Deutschland bei Strompreisen in Europa mittlerweile im Mittelfeld
Hintergrund: Die Preise sind derzeit in Europa sehr schwankend. Gehörte das Niveau in Deutschland zum Jahreswechsel noch zu den höchsten in Europa, so befand sich das Land im März 2023 nur noch auf einem mittleren Platz. Wie sich an der Handelsplattform „Entsoe“ ablesen lässt, kostete im dritten Monat des Jahres eine Kilowattstunde 71,48 Euro. Portugal (64,41 Euro), Dänemark (62,05 Euro), Spanien (61,51 Euro) und Schweden (55,04 Euro) gehörten zu den Ländern, wo die Preise geringer als in Deutschland waren. Also kann sich grundsätzlich der Kauf in diesen Ländern immer noch lohnen.
„Physisch kaum Strom aus einem anderen Land erhältlich“
„Es geht ein Stück weit darum, was der Konsument will“, erklärt Barbara Maria Lempp, die Geschäftsführerin des Verbandes Deutscher Energiehändler diesem Nachrichtenportal. „Wohnt er in Schleswig-Holstein, kann er vermutlich sämtliche Stromanbieter nehmen, die ihm das Vergleichsportal Verivox anzeigt, und sich relativ sicher sein, dass in vielen Stunden Windstrom aus Dänemark in seine Leitung ankommt“, so die Fachfrau. „Ist er etwas weiter von der deutschen Landesgrenze entfernt, wird er physisch nur in Deutschland erzeugten Strom bekommen, egal ob sein Energieversorger Vattenfall oder E.ON heißt“, sagt sie. „Einige Energieversorger haben zwar eine ausländische Mutter, wickeln aber das Endkundengeschäft in Deutschland über eine deutsche Tochter ab, die ihren Strom selbst produziert oder im Ausland einkauft“, macht Lempp klar. „Bilanziell kann man also in der Tat ausländischen Strom in Deutschland erhalten, physisch ist das wie oben beschrieben in den meisten Fällen nicht der Fall, weil die Grenzübergangspunkte für Strom an den deutschen Außengrenzen nicht ausreichend groß sind“, fügt die Expertin hinzu.
Auch Katarzyna Guzenda, Expertin für deutsch-polnisches Verbraucherrecht bei der Verbraucherzentrale Brandenburg, hat in der Praxis noch von keinem einzigen Fall gehört, wo ein Deutscher aus dem Ausland bezogen hat – also auch aus Polen nicht. Die Fachfrau weist im Gespräch mit diesem Nachrichtenportal auch darauf hin, dass man sehr genau rechnen müsse, ob sich der Stromeinkauf im Ausland überhaupt lohne. „Denn zusätzlich muss man noch die Posten bezahlen, die noch in Deutschland für den Strom anfallen, beispielsweise die Netzentgelte“, erklärt sie.
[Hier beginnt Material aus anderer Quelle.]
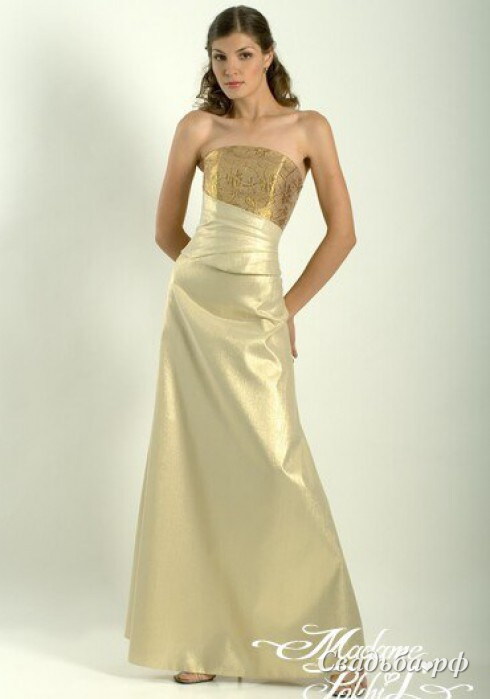 Шикарное вечернее платье классического А-силуэта с идеальной посадкой. Выполнено из натурального атласа в золотом цвете, декорированного вышивкой ручной работы. Удлиненная линия корсета, жесткий лиф и соблазнительное декольте. Линия груди изящно подчеркнута контрастом цветовой палитры и фактурой ткани, На линии талии удачно разместились утягивающие сборки.
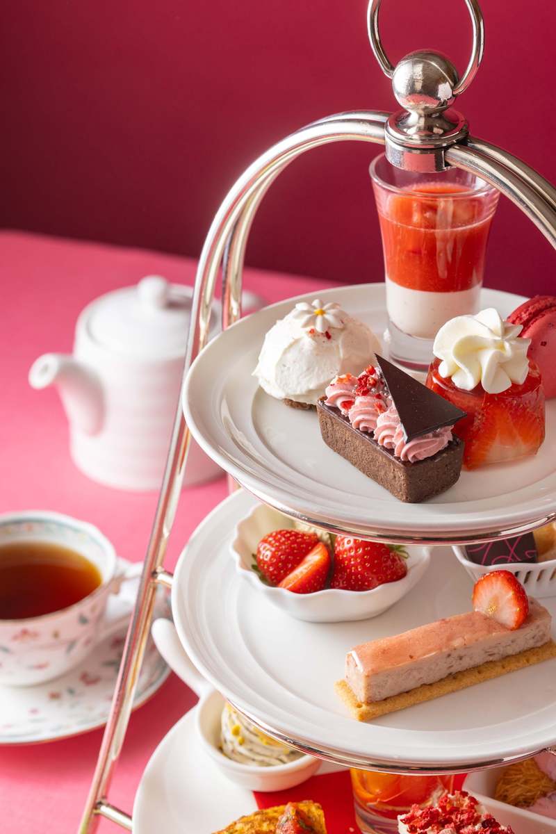 「いちごアフタヌーンティー」は、1・2段目にあるプチガトーの盛り合わせが特徴で、白ワインがいちごを引き立てる「いちごテリーヌ」や、いちごクリームをのせた「いちごとショコラのタルト」など、いちごをふんだんに使用したスイーツが揃っている。

Erstmal überhaupt Stromanbieter im Ausland für Deutschland finden
Letztlich müsse man auch erstmal ein ausländisches Energievertriebsunternehmen finden, das den Strom nach Deutschland verkauft.
Und hier erteilt der polnische Konzern Enea diesem Nachrichtenportal eine klare Absage:
„Wir verkaufen gar nicht ins Ausland“, sagt Berenika Ratajczak, die Sprecherin des Konzerns, der einer der größten in Polen ist.
Fazit: Die Regelungen des deutschen Zolls existieren zwar seit fast einem Viertel-Jahrhundert und wirken somit so, als ob sich dahinter ein richtiger Markt mit regem Stromhandel aus dem Ausland befindet. Doch machen sie in der Praxis gar keinen Sinn, weil es viel zu umständlich ist, die Energie von dort zu beziehen. Im Falle von Polen gibt es nicht einmal einen Anbieter, der nach Deutschland verkauft.